*Work task*. Give the listing again exactly, skipping any pictures it holds.

*Data below*.
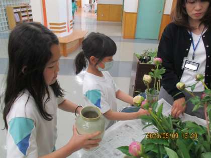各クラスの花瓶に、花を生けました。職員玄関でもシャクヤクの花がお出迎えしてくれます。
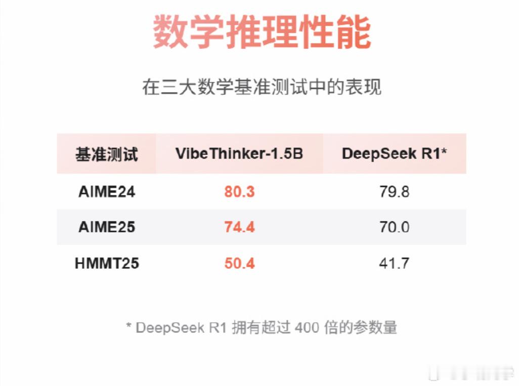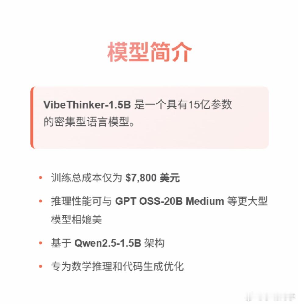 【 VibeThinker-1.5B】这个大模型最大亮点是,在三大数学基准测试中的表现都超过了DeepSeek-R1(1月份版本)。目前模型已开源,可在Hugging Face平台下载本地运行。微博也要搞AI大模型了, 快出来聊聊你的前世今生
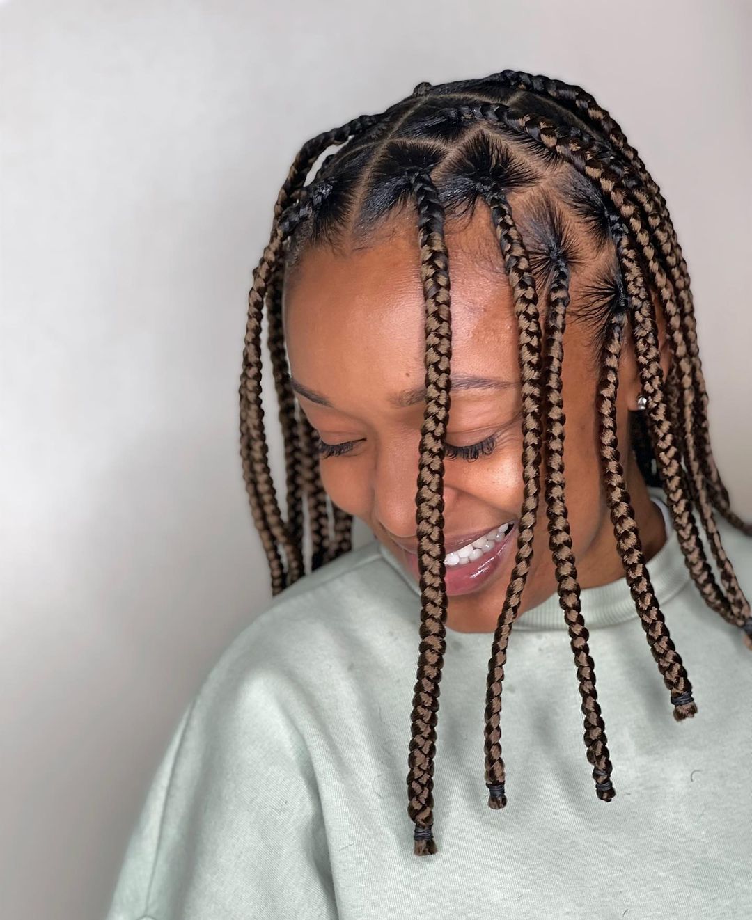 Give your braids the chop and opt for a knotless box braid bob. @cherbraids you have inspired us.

*Your solution*.
各クラスの花瓶に、花を生けました。職員玄関でもシャクヤクの花がお出迎えしてくれます。
 【 VibeThinker-1.5B】这个大模型最大亮点是,在三大数学基准测试中的表现都超过了DeepSeek-R1(1月份版本)。目前模型已开源,可在Hugging Face平台下载本地运行。微博也要搞AI大模型了, 快出来聊聊你的前世今生
 Give your braids the chop and opt for a knotless box braid bob. @cherbraids you have inspired us.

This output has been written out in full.